Sequential resolution
Now let's look at resolving them one by one to see how much more difficult it gets.
// Print the student averages as they are available
let studentGrades = {};
let targetStudents = [{ name: 'test', grade: 10 }, { name: 'foo', grade: 50 }, { name: 'bar', grade: 100 }];
let averages = [];
let updateTime = 1;
// Simulate some database activity that returns the average
function recordGrade(student, grade) {
return new Promise((resolve, reject) => {
updateTime = updateTime * 10;
setTimeout(() => {
let grades = studentGrades[student];
grades.push(grade);
resolve(grades.reduce((prev, g) => prev + g, 0) / grades.length)
}, updateTime);
});
}
function printStudent(studentIndex, average) {
return average.then(a => {
console.log('Student ', targetStudents[studentIndex].name, ' has average ', a);
studentIndex++;
if (studentIndex < targetStudents.length) {
return printStudent(studentIndex, averages[studentIndex])
}
}).catch(e => console.error('Got unexpected error ', e));
}
function main() {
for (let student of targetStudents) {
studentGrades[student.name] = [];
averages.push(recordGrade(student.name, student.grade));
}
printStudent(0, averages[0])
.then(() => console.log('Operation success'))
.catch(e => console.error('Got unexpected error ', e));
}
main();
Multiple claim resolution
In the original paper, you could resolve a claim multiple times after it was resolved. In promises, you can do the same, but doing so requires a leap of faith that callbacks happen in registration order.
This is specified, but the callbacks could arguably create some initial discomfort.
If you call the
then()method twice on the same promise object (instead of chaining), then this promise object will have two pairs of settlement handlers. All handlers attached to the same promise object are always called in the order they were added. Moreover, the two promises returned by each call ofthen()start separate chains and do not wait for each other's settlement.

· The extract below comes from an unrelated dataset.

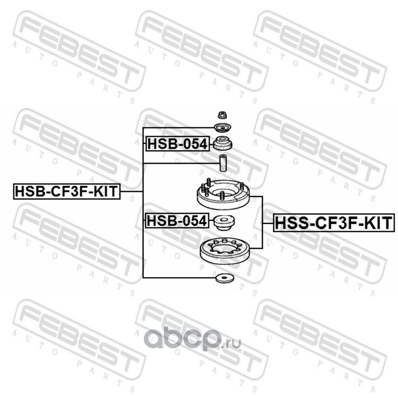 All World Cars - продажа Опора амортизационной стойки артикул HSSCF3FKIT по всей России и странах СНГ. Развитая сеть представительств с быстрой доставкой товаров бренда Febest и гарантией выгодной цены. Покупая в AWC товар Febest каталожный номер HSSCF3FKIT вы бережете свое время, нервы и деньги.

function simplePromise() {
return new Promise((resolve, reject) => {
setTimeout(() => {
resolve('hi');
}, 5000);
});
}
// Resolve a single promise 4 times. Notice this program should
// take ~5 seconds not ~20 seconds.
function main() {
const p = simplePromise();
for (let i = 0; i < 5; i++) {
p.then(v => console.log('Invoke: ', i, ', value: ', v));
}
p.then(r => {
console.log('Promises resolved');
});
}
main();
Two years after Promise was added to ECMAScript, the async/await pattern was added. While it is not perfect, it is far closer to the spirit of Liskov's promises.
Multiple claims with async/await
To demonstrate the impact async/await creates, let’s revisit the last example, but with async/await instead.
function simplePromise() {
return new Promise((resolve, reject) => {
setTimeout(() => {
resolve('hi');
}, 5000);
});
}
async function main() {
let p = simplePromise();
for (let i = 0; i < 5; i++) {
console.log('Invoke: ', i, 'value: ', await p);
}
console.log('Promises resolved');
}
main();
About those types
Now, getting back to those types. Clearly, JavaScript doesn’t have types, so comments about types do not apply. However, TypeScript is a different story. Unfortunately, TypeScript only allows typing the resolved value of a promise. The rejection path remains untyped, meaning we still lose one of the key guarantees Liskov originally proposed.
If you are interested in a more thorough history of promises, I wrote a deeper dive here.
I wouldn’t say that JavaScript promises are wrong. They filled a gap that could only really be solved at the language level. Libraries could mimic the pattern, but only the engine could properly integrate asynchronous work into the runtime.
So, what do you think? If JavaScript promises are not really Liskov’s promises, should we still call them promises at all?